Shots of San Antonio sights from my 2019 + 2020 San Antonio trip. Shot on an iPhone SE, and edited with Snapseed.







What is the difference between a photographer and someone who makes paintings or sculptures? I promise, this isn’t the start of a bad joke. If it was, I would have started it like this: “What’s the difference between a photographer and a real artist?”.
I used to un-ironically think this way. I grew up making “traditional” art, with paints, pencils, and all that. Actually I still make most of my work this way. I probably for that reason held a prejudice against photographers and and photography in general. Snapping a picture by pressing a button just didn’t seem like enough work — artists are supposed to earn their compositions by trial and error, by sweat and grime and pigment. At least, that’s what I did.
Like many artists, I struggle with finding a thread that connects my work, a purpose. This struggle usually rears its head as I sit before an easel or a blank page. The clarity arrives, however, when I look at my past work, all laid out. The threads began to appear for me when I started noticing how much of my work centered around the theme of “place”. Landscapes became very important, and prominent.
Around the time this shift occurred, I moved from my home of central Alabama, in the very southernmost region of Appalachia, to the oil field country of Houston, Texas. I distinctly remember crossing the huge suspension bridge into Deer Park for the first time. It can best be described in two words: Blade Runner. The huge metal blood clot in the mouth of the Sabine River basin was tangles of pipes, lit with millions of lights, in hundreds of hues, and shone around the bay and the bridge like a metropolis.
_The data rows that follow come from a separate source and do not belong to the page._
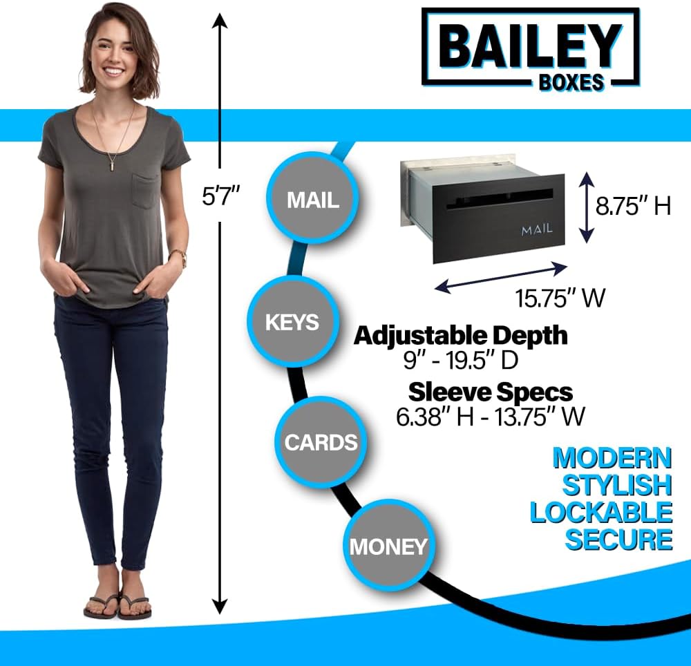 Brick-in Chute Through The Wall Stainless Steel Mailbox - Modern Architectural Locking Design - 8.75" H x 15.75" W - Enhance Your Home with The Melton from Bailey Boxes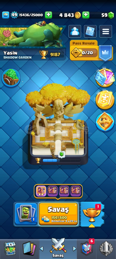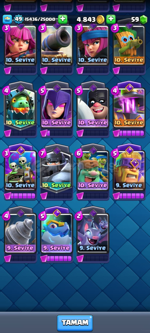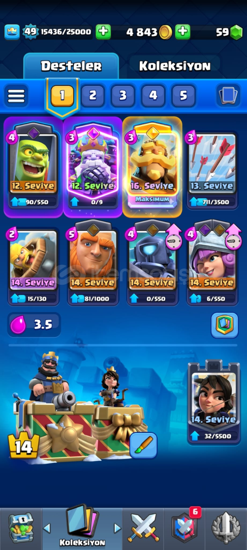 ANA KULE VE YAN KULELER 14 SEVİYEHESAP SEVİYESİ 499200 KUPA KAHRAMAN ŞÖVALYE 16.SEVİYE MAKS33 EMOJİ4 KULE TİPİ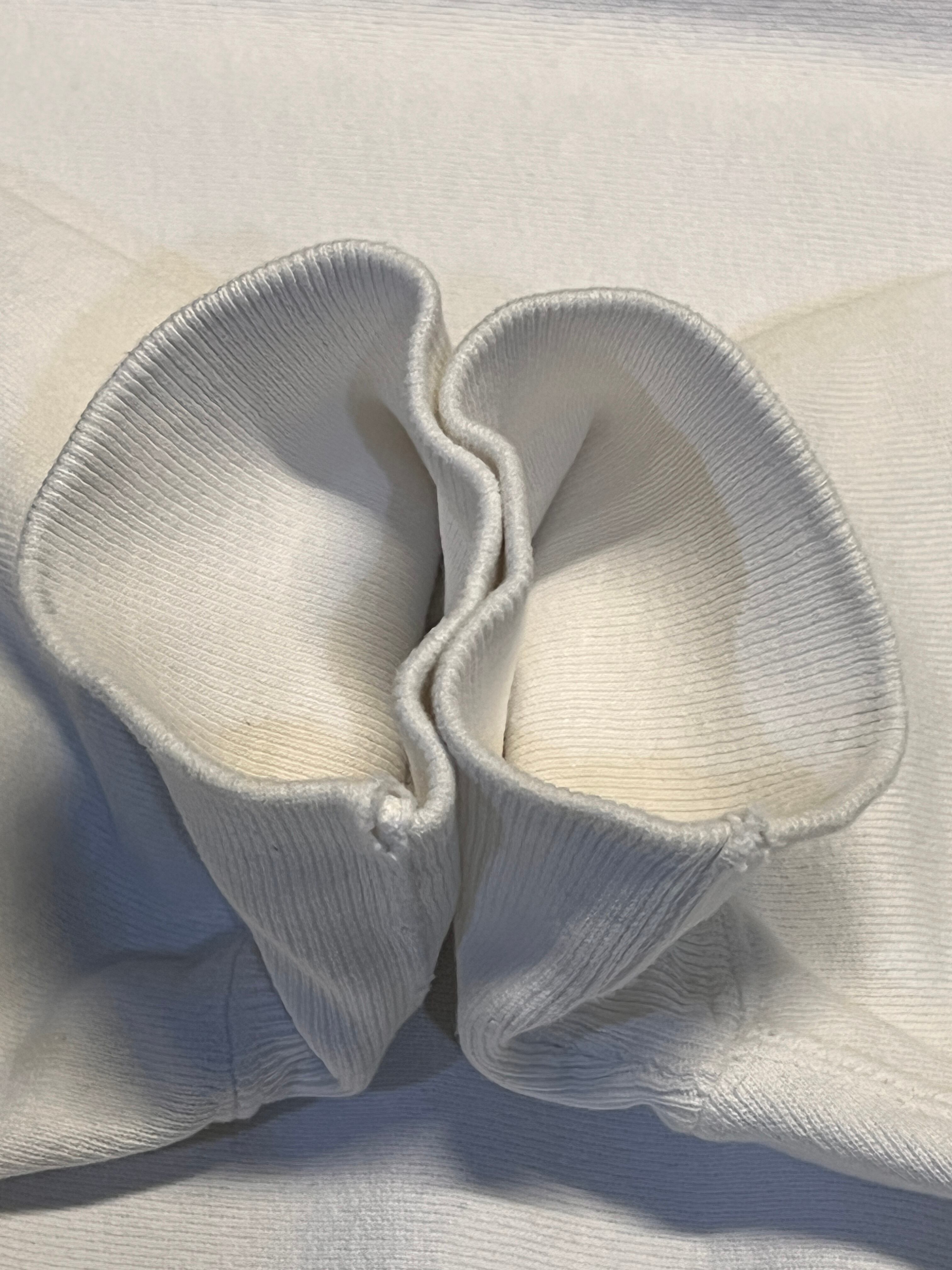 ボディはホワイトカラーで、リバースウィーブ特有のしっかりとした肉厚な生地感と横使いの仕様により、型崩れしにくく長く着用いただけます。1枚でもインナーでも使いやすく、スタイルを選ばない万能な一着です。

The sense of place that I had become accustomed to was gone. This was much different than a vacation, because the scenery wasn’t anything to write home about. Everything, as far as the eye could see, was manmade and ugly. And the eye could see pretty far, because coastal Texas is flat as a flitter.
I began snapping pictures with my iPhone to document the new sights. To me, at the time, this was not an act of artistic merit. It was simply documentation that may lead to some art. Photos eventually became my way of creating compositions, so I could draw at my own convenience.
Since I have lived in Texas, I have been fortunate enough to see lots of sights here. Lots of natural beauty and manmade quirkiness abound, and I never fail to chuckle when the things I find awe-inspiring, the locals ignore; the things the Texans choose to be proud of are silly to me. (And vise-versa).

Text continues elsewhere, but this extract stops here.